At this point, we need to transform it for FPGA execution: 

In [None]:
from dace.transformation.interstate import FPGATransformSDFG
sdfg.apply_transformations(FPGATransformSDFG)
sdfg

This transformation takes care of creating create additional pre- and post-states to perform memory transfers between host and device performing memory transfers between host and device. 
The actual computation is now scheduled to be executed on the FPGA as an FPGA kernel, and memories accessed by the transformed subgraph are replaced with their FPGA equivalents.

We can notice how the current SDFG contains two library nodes Library nodes are high-level nodes that represent two (generic) matrix multiplication. During compilation and optimization, Library Nodes are expanded by replacing them with a subgraph, lowering them towards a concrete implementation of their behavior. For FPGA, it is convenient to do this explictly. 

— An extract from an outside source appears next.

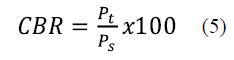 2) California Bearing Ratio (CBR). The penetration behaviour of the sample was obtained by conducting CBR test as per IS 2720 -part 16 [30], and calculated using equation (5). The sample was prepared similar to that for the unconfined compressive strength test and loaded statically. The CBR was defined as the ratio in percentage of force per unit area to penetrate the soil with 50 mm diameter circular plunger at a rate of l.25 mm/min to a corresponding penetration of 2.5 mm for standard material.

First of all, specialize the two generic matrix multiplication. In this case they are indeed two matrix-vector multiplication (one transposed)

In [None]:
sdfg.expand_library_nodes(recursive=False)
sdfg

For all matrix-vector multiplications (`gemv` and `gemvt`) we can use the `FPGA_Accumulate` expension this FPGA-oriented expansion iterates over the input matrix in simple row-major order (with optional tiling). The user can also specify a different expansion for each library node. Please refer to the documentation to see [all available FPGA expensions](https://spcldace.readthedocs.io/en/latest/optimization/fpga.html#available-fpga-expansions). We now choose the expansion and apply it

In [None]:
from dace.libraries.blas import Gemv
Gemv.default_implementation = "FPGA_Accumulate"
sdfg.expand_library_nodes()
sdfg